The Glücksspielneuregulierungstaatsvertrag (or, as it’s more commonly known, the GlüNeuRStV) was first settled all the way back in September, as lawmakers discussed whether to allow online casinos to exist in Germany at all. Ultimately they decided they would – but with heavy restrictions compared to, say, their UK counterparts. In October, casinos licensed by German regulatory authorities were given 3 months to implement the necessary changes – a request that most complied with. After the minister-presidents signed their approval on GlüNeuRStV in November, the federal states gave the legislation just enough votes to be ratified on March 25th, meaning that on July 1st it will officially become part of German law.
Even so, the extensive list of changes and restrictions imposed on online casino games has been in effect for months now – and their effects have been palpable. Online slots were restricted to a maximum bet of €1 per spin, with a minimum waiting period of 5 seconds between spins – on top of autoplay being permanently disabled and players being banned from playing multiple slots at the same time. The biggest change related to slots, however, is that they are no longer allowed to have jackpots, which has greatly disappointed those hoping to win certain slots’ progressive jackpots worth millions of euro.
Table games, such as blackjack, poker and roulette (including their live variants) are now considered to be “virtual bankholder games”, a different category from online slots – and as such required to be presented separately from them, similarly to how certain casinos already presented poker or bingo separately from their table games. To top it all off, a monthly deposit limit of €1000 has been set which can not be circumvented. There are some additional requirements (for example, all German-regulated casinos need to be included in an exclusion registry which blocks access to players who feel they have a gambling addiction), but it’s the monetary limits which have proven to be the most controversial.
Why Most German Players Prefer to Play at Illegal Casinos
In a poll conducted by Casino.online, 58% of German players claimed that they would prefer to play at a casino without a German license rather than at one regulated by their homeland – even aware that those casinos offer less protections. When asked about their reasoning, the majority – over 42% – claimed that it’s due to the €1/spin betting restriction. After all, in many slots increasing your wager also increases your odds of winning the jackpot, or triggering the bonus game, though with jackpots out of the way, presumably that is also a point of contention for slot aficionados. Over 23% of players cited the €1000/month limit as their reason for wanting to switch to a non-regulated casino, meaning that, in total, about 65% of all players unhappy with the new regulation cite the arbitrary limits set on their gambling experience as the reason.In case the image above doesn’t work for you, or you’re trying to save data, here’s the exact results about why German players voted for playing at foreign casinos:
Why Some Players Chose to Stay at Regulated Casinos
Not everyone shares the sentiment that the GlüNeuRStV is bad – or at the very least, bad enough to necessitate switching to potentially unsafe casinos.
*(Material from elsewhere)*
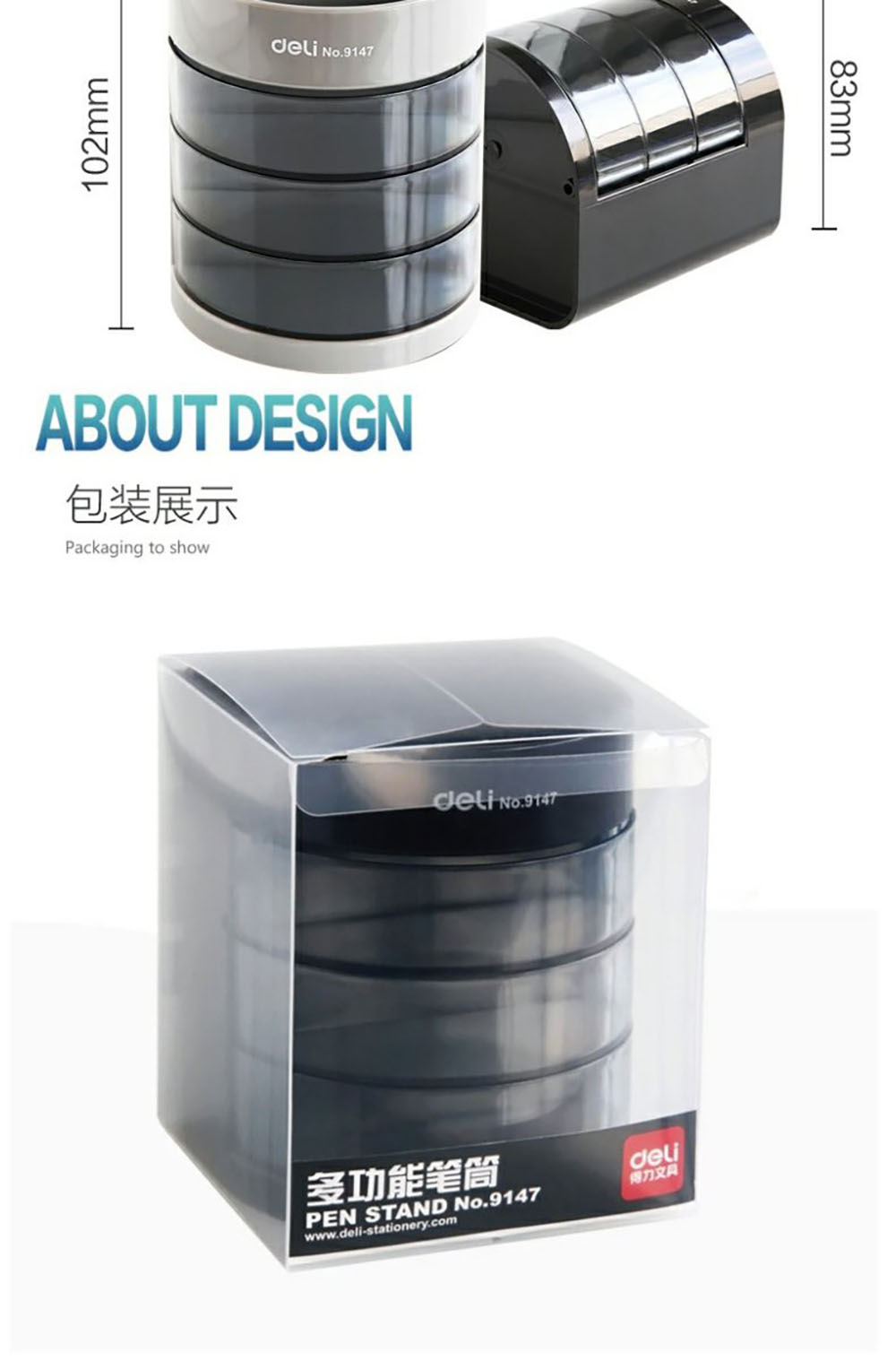 商品名称:得力deli 9147 三层多功能笔筒 9147/83*83*102mm/黑色

Indeed, out of those who answered “no” to the question of whether they would switch, almost 70% explained that they would rather take the security of guaranteed payouts over the uncertainty of operators regulated by other bodies. While no part of GlüNeuRStV in and of itself promises that regulators will step in in case a casino refuses to pay out winnings, the casinos being at risk of losing their license should enough complaints be aimed at them would presumably serve as a good enough deterrent against scams – which obviously wouldn’t exist in casinos licensed by other, less lenient authorities, like Curacao. In addition, a good number of those who don’t mind the new regulations claim that they simply won’t be affected by them. 12% agree that they already don’t deposit more than €1000 a month, and an additional 6% claim their stakes are never bigger than €1.
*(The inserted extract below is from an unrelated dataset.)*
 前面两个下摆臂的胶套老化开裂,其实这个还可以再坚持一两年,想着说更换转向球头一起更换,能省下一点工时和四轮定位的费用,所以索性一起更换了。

Again, if you are unable to view the handy piechart above, here’s the results of why German players voted against playing at foreign casinos:
So, what does the poll mean for GlüNeuRStV, and the future of German gambling in general? The most obvious conclusion is that a good amount of gamblers are not happy with the incredibly strict restrictions imposed on them. With any change, no matter how big or how small, there will be those that won’t mind it and those who feel it is a deal breaker – the compromise, of course, comes to bringing the latter group to an acceptable minimum while still keeping the change intact. And, surprisingly, despite its restrictive measures, GlüNeuRStV is almost there. If lawmakers were to simply increase the €1 slots restriction to, say, €5, it is very likely that the poll would flip and most people would prefer to play at German-regulated casinos rather than at those licensed by foreign authorities. While 40% isn’t quite the necessary percentage to enact change in, say, a referendum, it’s certainly big enough to show that there is a substantial group of people who have a very particular problem. And when that problem can be resolved with very minimal compromise on the spirit of GlüNeuRStV, there is little reason why it shouldn’t.
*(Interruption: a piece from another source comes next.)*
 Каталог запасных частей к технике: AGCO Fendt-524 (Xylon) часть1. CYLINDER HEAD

One thing’s for certain – German gamblers find themselves in a bittersweet moment where, starting in July, online gambling will finally be regulated by their own government and acknowledged as a taxable source of revenue, with all the legal protections that classification implies. But on the other hand, many feel like the regulations are not worth it and they would rather enjoy foreign casinos, as they have in the past. Whether a compromise can be made is a question for the future.